** WORK INSTRUCTION **
The answer must consist solely of the lines from the one containing "- Animacje: przejścia" through the last line of the records, set down exactly and without any pictures.

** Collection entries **
+ + +
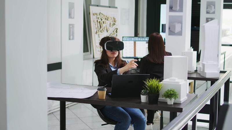 Woman architect working with vr glasses in startup office, modeling floor plan or house blueprint using metaverse artificial intelligence. Industrial engineer developing architectural lines. Pro Video
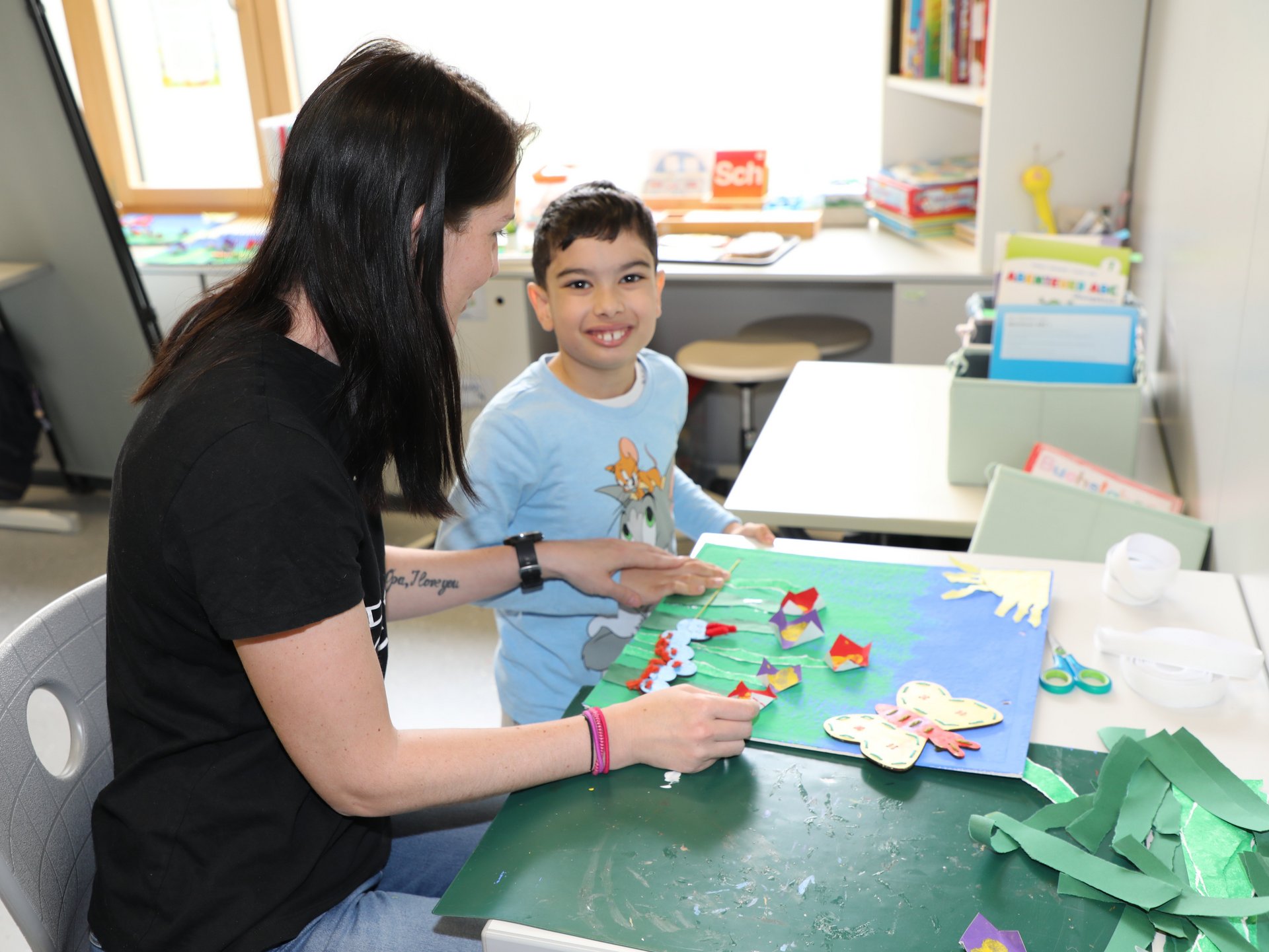 Ein Großteil der zwölf Klassen ist mit zwei Lehrkräften oder einer Pädagogin und einer Schulassistentin besetzt, die somit die Möglichkeit haben, individuell auf jedes Kind einzugehen. Denn die Kinder und ihre Bedürfnisse stehen in der Kleingruppenschule im Zentrum, eine wertschätzende Begegnung hat absolute Priorität. Der Tagesablauf ist klar vorgegeben, die Kinder sollen Geborgenheit und Halt erfahren. „Es ist total schön zu sehen, wie sich die Kinder entwickeln und wieder aufblühen“, freut sich Regina Holzer, die seit 21 Jahren an der Schule unterrichtet und ihr mittlerweile seit vier Jahren vorsteht.
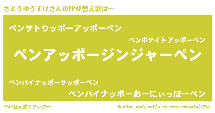 | ポケモン風あだ名 | 『サトウダネ』『ヒサトウユウスケ』 |
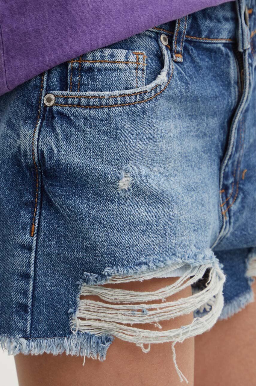 Шорты «Шестое июня» из джинсовой ткани. Модель изготовлена ​​из жесткого материала, сохраняющего форму.
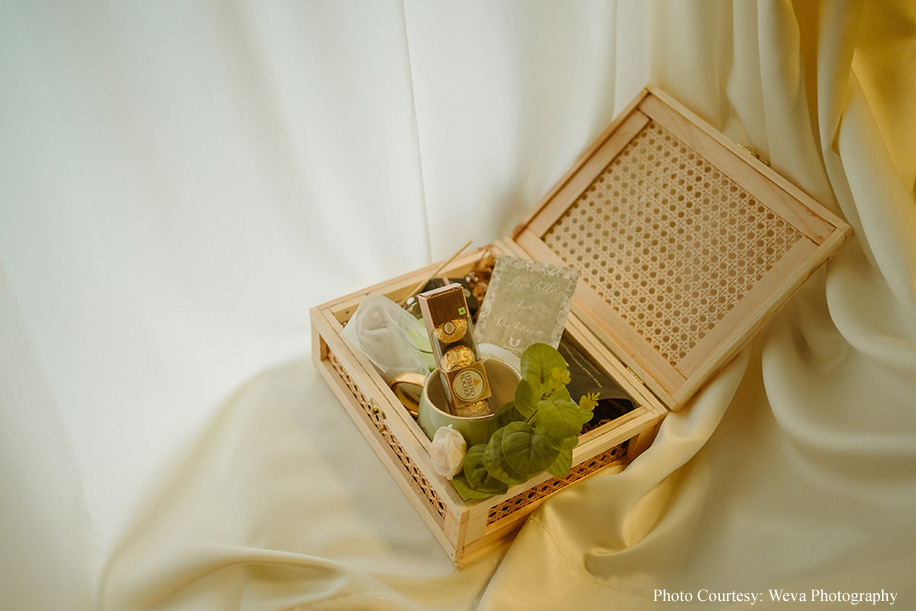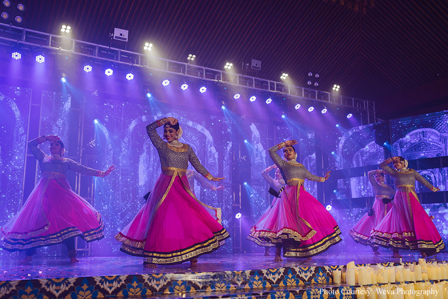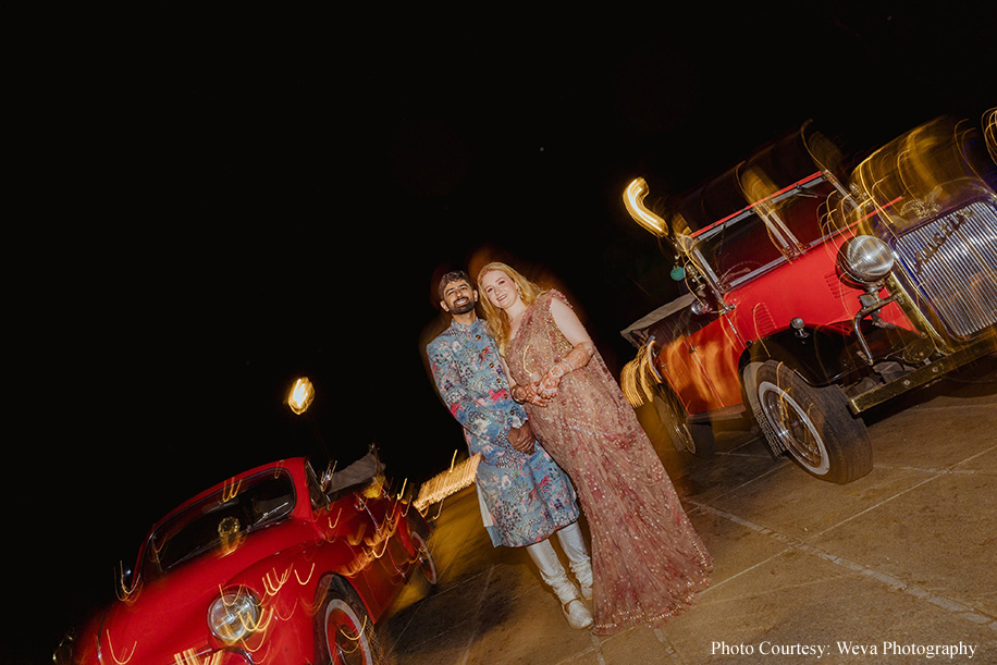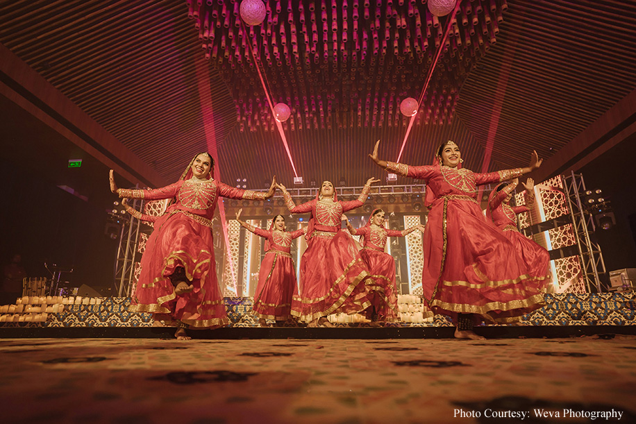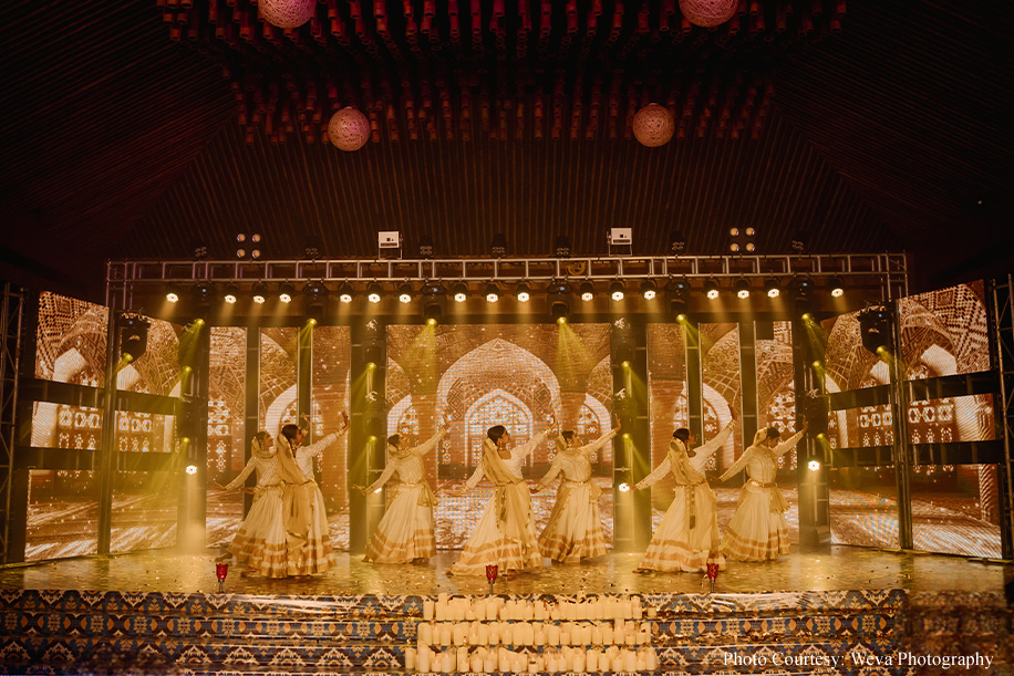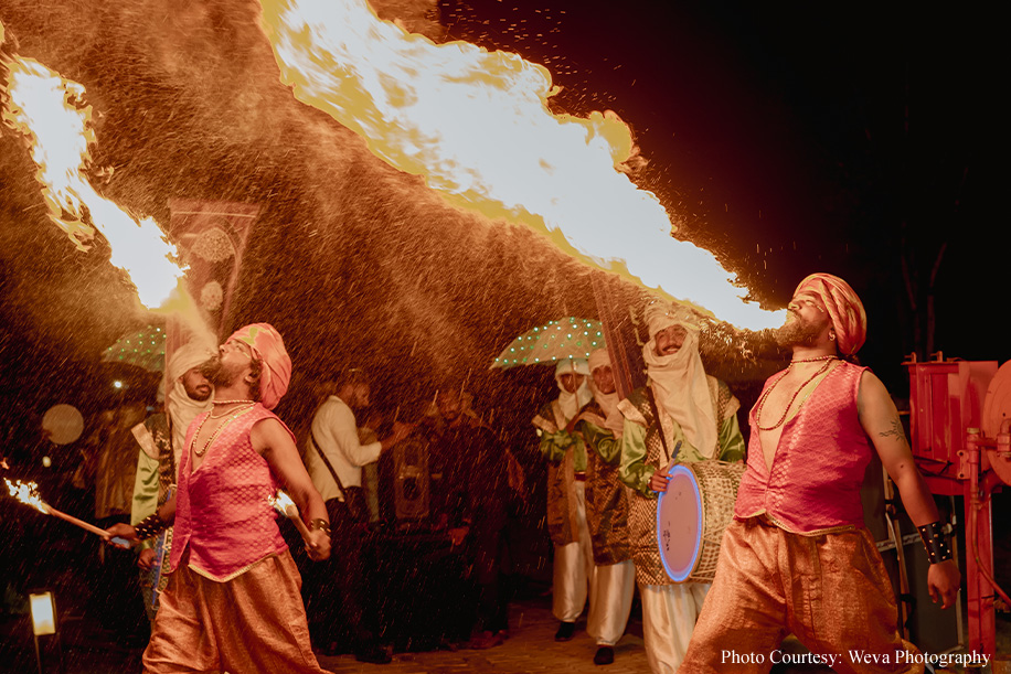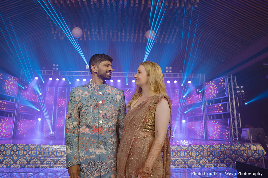 Hosted at KTDC Waterscapes Kumarakom, The Sangeet was an incredible, ‘Arabian Nights’-themed event. The décor was bathed in hues of blue, purple, and gold. The evening saw a baraat procession with a Genie, while Arabian-themed guards and dancers, friends, and families of the couple brought the couple to the venue, who drove in in a vintage car. Heeramandi-inspired artists entertained the guests with their traditional dance, while a cinematic dance team kept the spirits high with all the latest Bollywood dance numbers. A tarot and a coffee cup reader also engaged the guests through the night.
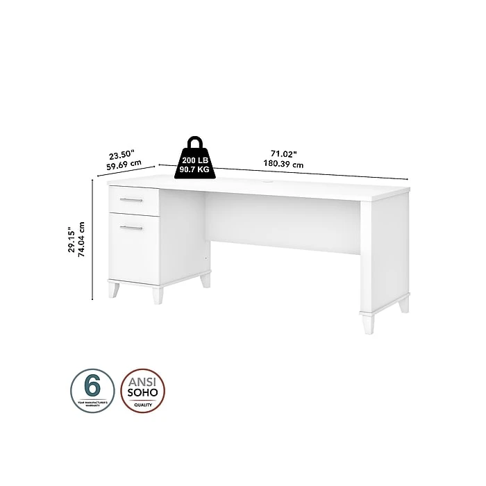 - Spacious 71″W work surface offers plenty of room to spread out with a computer and paperwork
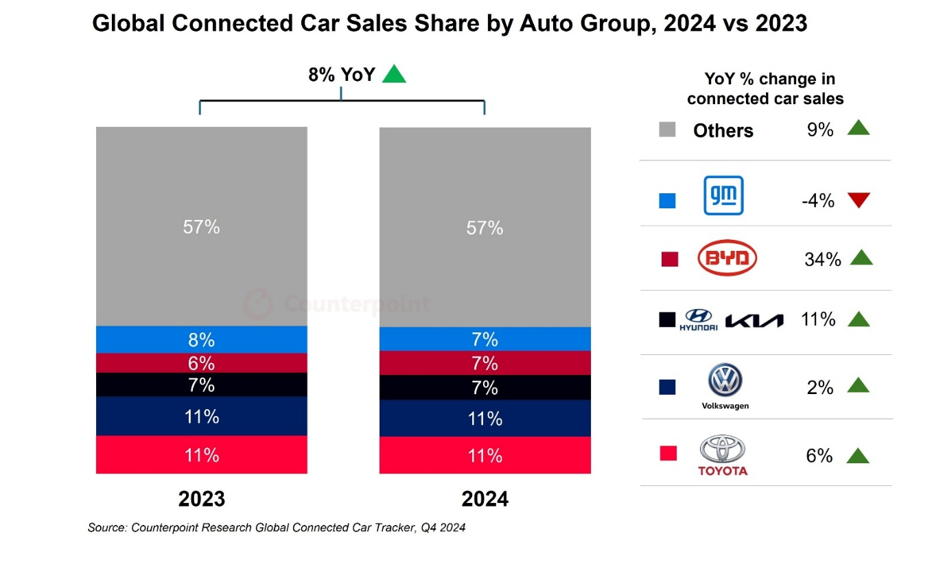 카운터포인트(Counterpoint)가 ‘2024년 4분기 글로벌 커넥티드 카 트래커(Global Connected Car Tracker, Q4 2024)’를 발표했다. 전 세계에서 2024년 판매된 커넥티트 카 판매량은 2023년 보다 8% 증가하며, 네트워크 연결 기능읕 탑재한 커넥티트 카 시장이 확대되고 있다.
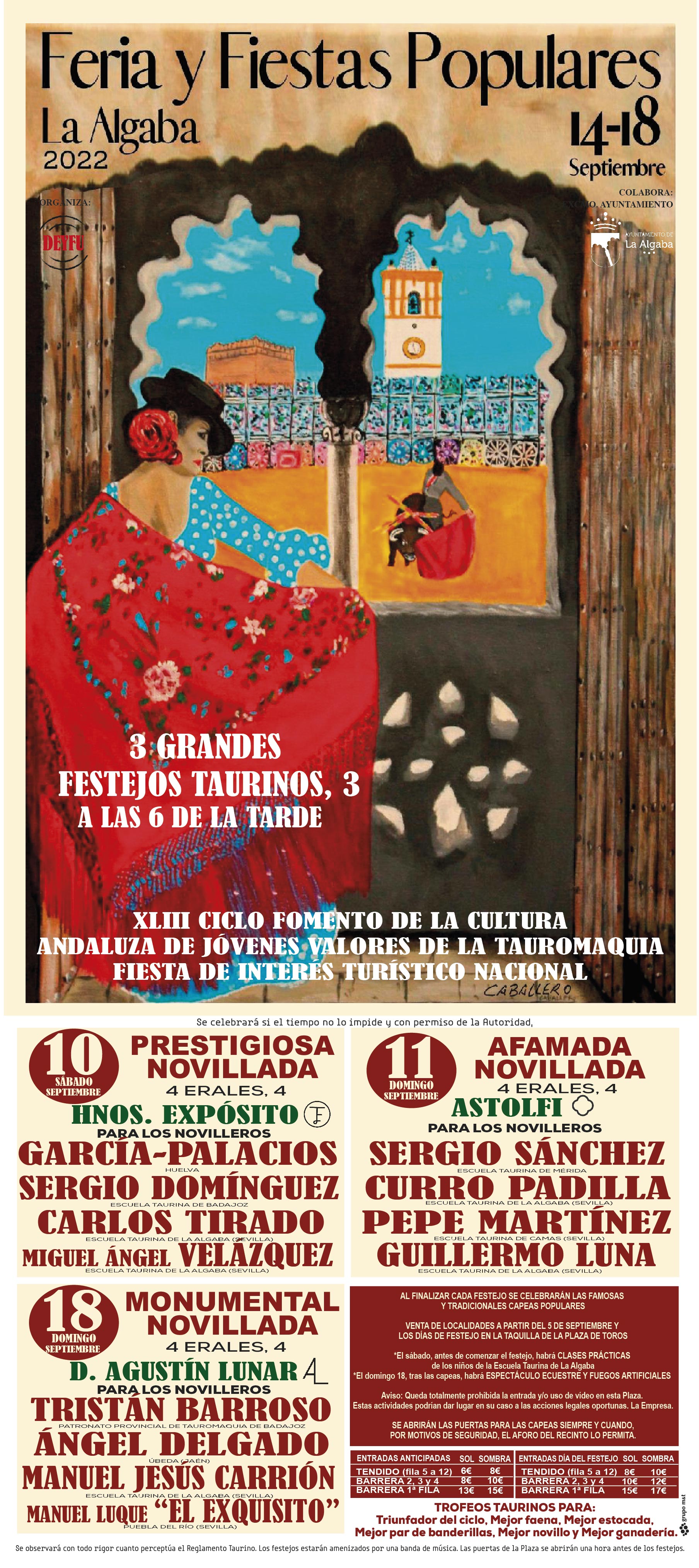 Las reses que se lidiarán en la XLIII edición taurina serán erales. Además, habrá tradicional suelta de vaquillas después de cada festejo. Un ciclo para el que se contará con doce aspirantes, tanto locales como provinciales y de otros lugares de la geografía taurina española; entre ellos, el ganador del XXXV Ciclo de Promoción de Sevilla y alumno de la escuela taurina algabeña, Manuel Jesús Carrión.
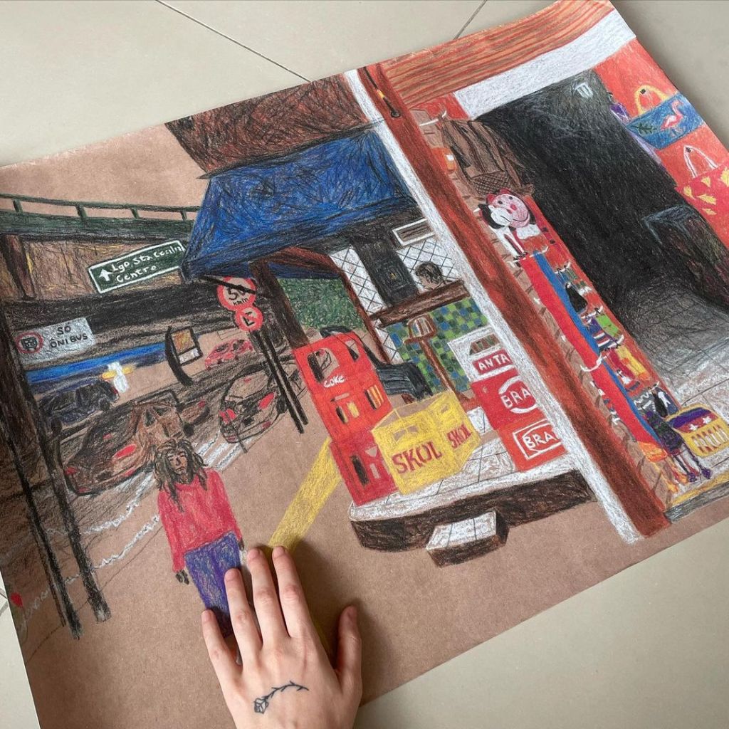 Através do desenho, Bruna vivencia a cidade, suas camadas e diálogos. Para o lambe da El Cabriton, a artista retratou em papel kraft e lápis de cor, a ‘esquina minhocão’.
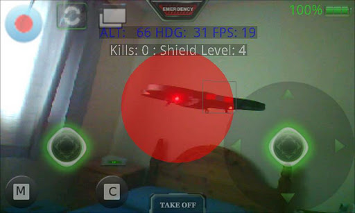 When a successful Bluetooth connection is made to your opponent, then ARDrone Flight will show the combat mode, with aiming circle and missile and chaff buttons.
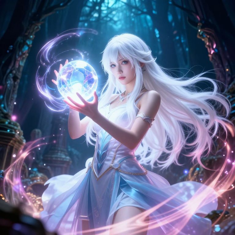 A digital fantasy artwork depicts a young, fair-skinned woman with long, flowing white hair, standing in a dark, mystical forest. She wears a blue, ethereal dress with gold accents and an armband. She holds a glowing, orb-like ball of light with swirling pink and blue energy, illuminating her face and surroundings. Her expression is focused and magical. The background features blurred, ancient stone structures and twinkling lights, enhancing the mystical ambiance. The image has a vibrant, luminous quality, with the character's hair and dress appearing almost translucent.
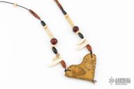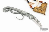 This neck knife by Mark Williams features a forged Damascus blade and handle, .204" blade stock and .790" blade depth, full tang construction. Comes with with a leather necklace with a leather heart and beads, the leather heart has magnets in it for the neck knife to stick to. Has some light scratches and oxidation spots, otherwise good condition. (i do not recommend wearing this as a neck knife)
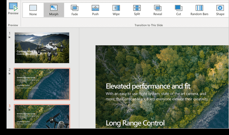 - Animacje: przejścia między slajdami oraz animacje elementów na slajdach
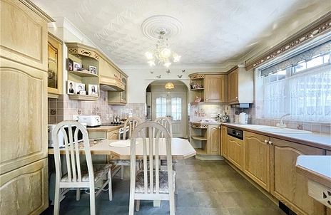 The property offers a well-appointed open-plan kitchen, flooded with natural light, and offers ample dining space. It is an ideal space for family meals or entertaining guests.
+ + +
** REPLY **
 - Animacje: przejścia między slajdami oraz animacje elementów na slajdach
 The property offers a well-appointed open-plan kitchen, flooded with natural light, and offers ample dining space. It is an ideal space for family meals or entertaining guests.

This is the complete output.